Doctors and clinicians deciding just how much they're going to get paid. Not
subject to any kind of market or competitive force that may work toward an
equilibrium based on supply and demand. The government has said "Here's a
massive amount of money, fight among yourselves about who gets how much, good
luck".

Politics _is_ very much at play here, as it is in any system where the prices
are determined by committees or small groups instead of the free market. This
includes the current system in the US, which is effectively controlled by a
handful of paper pushers in the insurance industry, leeching billions out of
our system each year without providing any value and ever-inflating the costs
for the patient.

There's no reason health care has to be a distorted market. Free market
principles are applicable in health care as they are in any other field. While
it's true that people _need_ medicine to survive in many cases, people also
need food and groceries to survive, but we haven't had to nationalize a
grocery chain heretofore. There is enough competition in the space to keep
prices low. There would be ample competition in the medical space if we could
break the insurance cabals that currently exist.

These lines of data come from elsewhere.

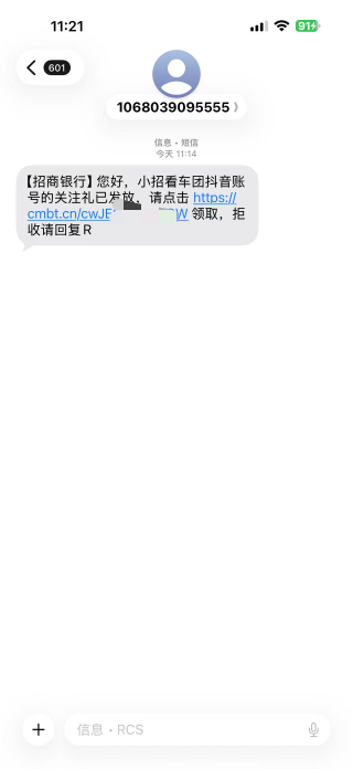 抖音搜小招看车团关注然后小程序预约一下送腾讯周卡,昨天预约的今天都来短信了。代充
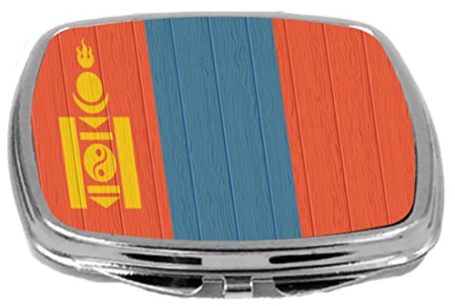 Rikki Knight Compact Mirror on Distressed Wood Design, Mongolia Flag, 3 Ounce
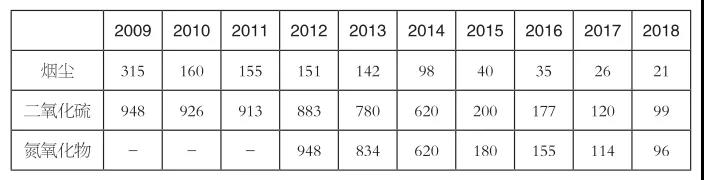 表7   2009~2018年电力行业排放总量情况(单位:万吨)
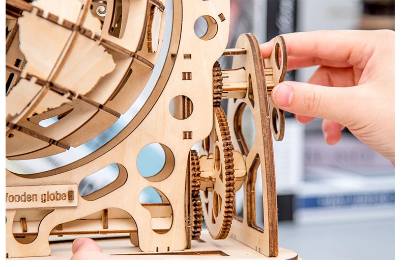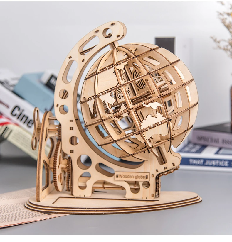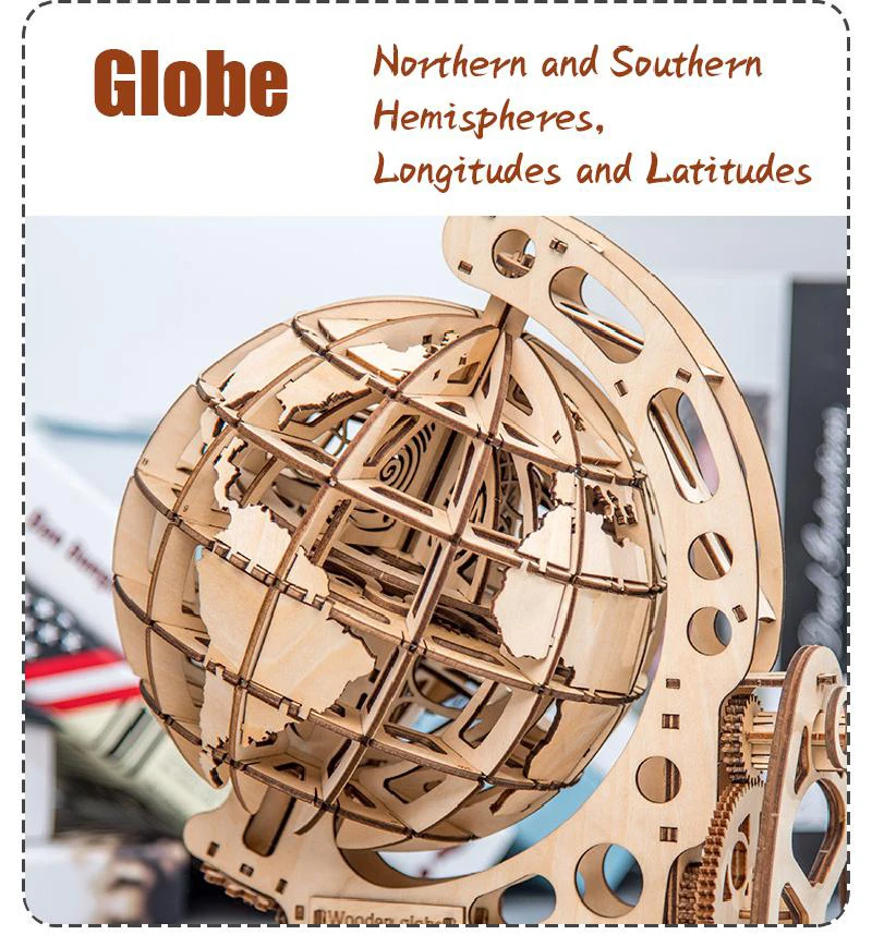 El Globo es un enorme modelo de globo terráqueo de madera de estilo clásico de la serie Curious Discovery. Su estructura bellamente diseñada es lo suficientemente resistente y giratoria. ¡Definitivamente será un gran desafío para tus manos y mente! ¡Disfruta de una maravillosa experiencia de autoensamblaje con este rompecabezas de madera 3D!

The powers that be rather like our current system, and they _love_ it now that
the ACA has made it a crime to not purchase their product. They would
certainly also enjoy the "print money til the doctors are happy" system
proposed by many left-leaning persons. The one thing they're most afraid of is
the one thing that restores equilibrium and stops their ability to gouge,
which is real competition and a true free market undistorted by unfair
practices and insurance company leeches.

Non-catastrophic medical insurance should be outlawed and clients should have
to pay their doctors directly, forcing doctors to charge a reasonable amount
of money or have no clients, forcing suppliers to charge a reasonable amount
of money or have no customers, forcing medical schools to charge a reasonable
amount of money or have no students. We can't just keep saying "The expensive
way of doing this is easy and great, so let's just have the government pay for
it." Things must be self-sufficient.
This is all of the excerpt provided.